I fiori sono una promessa di fertilità, un tramonto ci ricorda il fuoco e il calore, il chiaro di luna rende meno oscura la notte, i colori vivaci del piumaggio di un uccello sono (atavicamente perfino per noi) uno stimolo sessuale. Credo tuttavia che un ragionamento simile sia troppo riduttivo. La neve è inutile. Una farfalla ci offre ben poco.

 

Ovviamente la gamma di ciò che una data comunità trova bello in natura dipenderà dai suoi mezzi di sussistenza, dalla sua economia, dalla sua geografia. Quel che gli eschimesi trovano bello probabilmente non lo è per gli astanti. Le moderne società divise in classi sono regolate da complesse determinazioni ideologiche: sappiamo, per esempio, che nel XVII secolo la classe dirigente britannica non amava la vista del mare. Parimenti, il possibile uso sociale di un’emozione estetica muta a seconda del momento storico: il profilo di una montagna può rappresentare la dimora dei morti o una sfida per l’iniziativa dei vivi. Antropologia, studio comparativo delle religioni, economia politica e marxismo lo hanno chiarito una volta per tutte. Eppure sembrano esserci alcune costanti che tutte le culture hanno trovato «belle»: certi fiori, alberi, forme di roccia, uccelli, animali, la luna, l’acqua che scorre…

 

Siamo costretti a prendere atto di una coincidenza o forse di una congruenza. La coincidenza di evoluzione delle forme naturali e della percezione umana ha finito per produrre il fenomeno di un potenziale riconoscimento: ciò che è e ciò che riusciamo a vedere (e, vedendo, a sentire) a volte si incontrano in un punto di affermazione.

 

Questo punto, questa coincidenza, è bifronte: quel che è stato visto viene riconosciuto e affermato e, al contempo, chi vede è affermato da quel che vede. Per un breve istante ci troviamo – senza pretese da creatori – nella posizione di Dio nel primo capitolo della Genesi… «e vide che ciò era cosa buona». L’emozione estetica davanti alla natura deriva, io credo, da questa duplice affermazione.

 

Noi però non viviamo nel primo capitolo della Genesi. Viviamo – se si segue la sequenza biblica degli eventi – dopo la Caduta. In ogni caso, viviamo in un mondo di sofferenza in cui il male dilaga, un mondo le cui vicende non confermano il nostro Essere, un mondo al quale bisogna resistere.
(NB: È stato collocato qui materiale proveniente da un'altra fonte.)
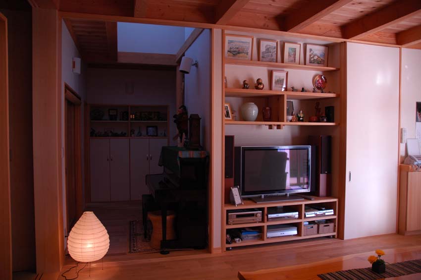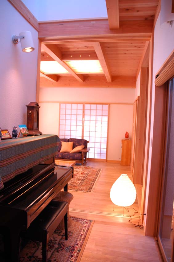 ■ 壺 庭 の あ る 家 ■ この家の中央・西寄りには、ちょうど壺にはまったように、2畳ほどの小さな光庭があり、この小さな壺庭に面して 客間・書斎・主寝室・ピアノを置く廊下が面しています。夏期には、この庭から涼しい風が入ってきて、眺める庭とし ても、採光・通風を得る庭としても小さいながら効果絶大です。まさにこの家の壺といえます。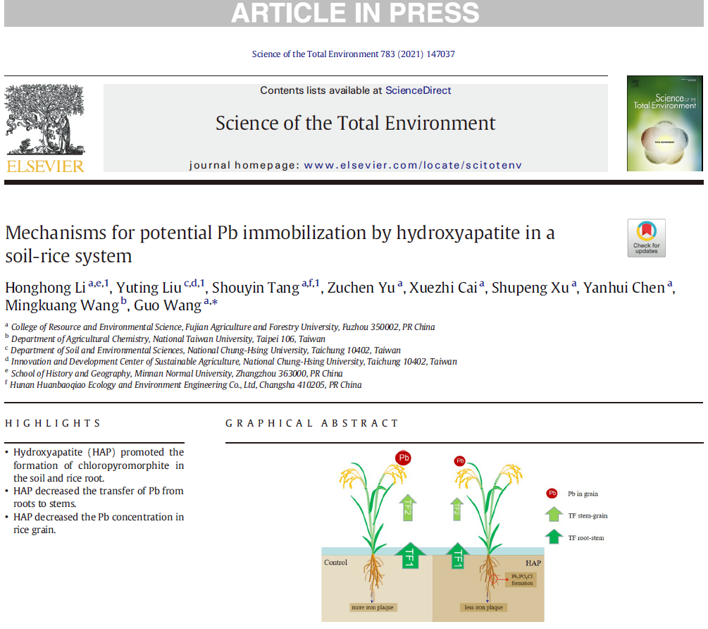 该项研究由环保桥生态与福建农林大学合作完成。相关研究成果以论文“Mechanisms for potential Pb immobilization by hydroxyapatite in a soil-rice system” 为题发表在《Science of the Total Environment》(Ⅰ区,IF=6.551)。环保桥生态技术负责人为该论文共同第一作者。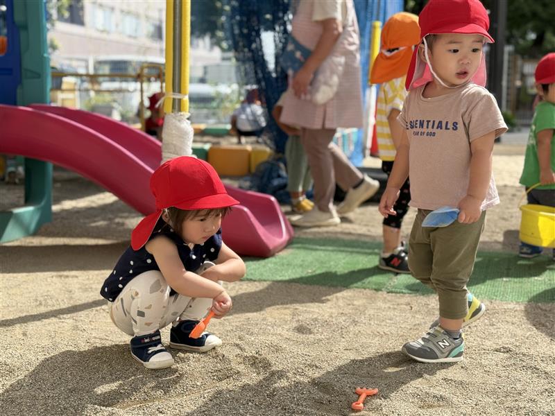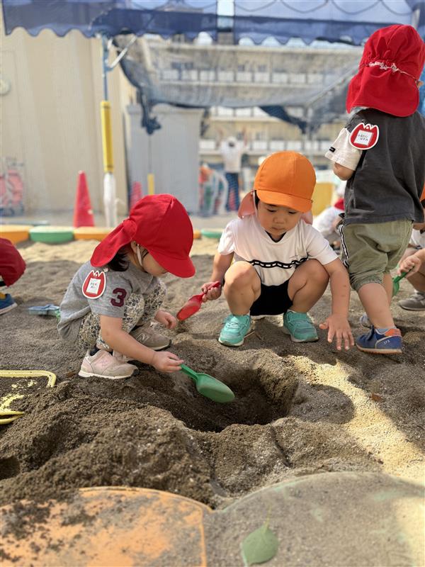りす組さんうさぎ組さんで、協力して砂場に大きな穴を掘ることができました!⛱️⛱️⛱️

È in questa situazione che il momento estetico dà speranza. Il fatto che troviamo bello un cristallo o un papavero significa che siamo meno soli, che siamo più intimamente inseriti nell’esistenza di quanto il corso di una singola vita ci porterebbe a credere. Provo a descrivere con il massimo di accuratezza possibile l’esperienza in questione; il mio punto di partenza è fenomenologico, non deduttivo; la sua forma, percepita in quanto tale, diventa un messaggio che riceviamo ma non siamo in grado di tradurre poiché, in esso, tutto è istantaneo. Per un attimo, l’energia della nostra percezione diventa inseparabile dall’energia della creazione.

 

L’emozione estetica che proviamo di fronte a un oggetto creato dall’uomo – come per esempio l’uccello bianco da cui sono partito – è un derivato dell’emozione che proviamo di fronte alla natura. L’uccello bianco è un tentativo di tradurre un messaggio ricevuto da un uccello reale.

 

Tutti i linguaggi dell’arte si sono sviluppati per tentare di trasformare l’istantaneo in permanente. L’arte presuppone che la bellezza non sia un’eccezione – che non sia a dispetto di –, ma sia la base di un ordine.

 

Diversi anni fa, riflettendo sull’aspetto storico dell’arte, ho scritto che giudicavo un’opera in base alla sua maggiore o minore capacità di aiutare gli uomini del mondo moderno a rivendicare i loro diritti sociali. Continuo a pensarla allo stesso modo. L’aspetto trascendentale dell’arte solleva invece la questione del diritto ontologico dell’uomo. L’idea che l’arte sia lo specchio della natura è attraente solo in periodi di scetticismo. L’arte non imita la natura, imita una creazione, a volte per proporre un mondo alternativo, a volte semplicemente per amplificare, confermare, rendere sociale la fugace speranza offerta dalla natura.

 

L’arte è una risposta organizzata a ciò che la natura ci permette di intravedere di tanto in tanto. L’arte vuole che il riconoscimento potenziale diventi incessante. Afferma l’uomo nella speranza di ricevere una risposta più certa… L’aspetto trascendentale dell’arte è sempre una forma di preghiera.

 

L’uccello di legno bianco è mosso dall’aria calda che sale dalla stufa nella cucina dove i vicini sono raccolti attorno a un tavolo a bere. Fuori, a 25 gradi sotto zero, gli uccelli veri stanno morendo assiderati!

 

1985

 

 

Da: John Berger, Perché guardiamo gli animali?, trad. it. di Maria Nadotti, il Saggiatore, Milano 2016, pp. 120, € 16.00.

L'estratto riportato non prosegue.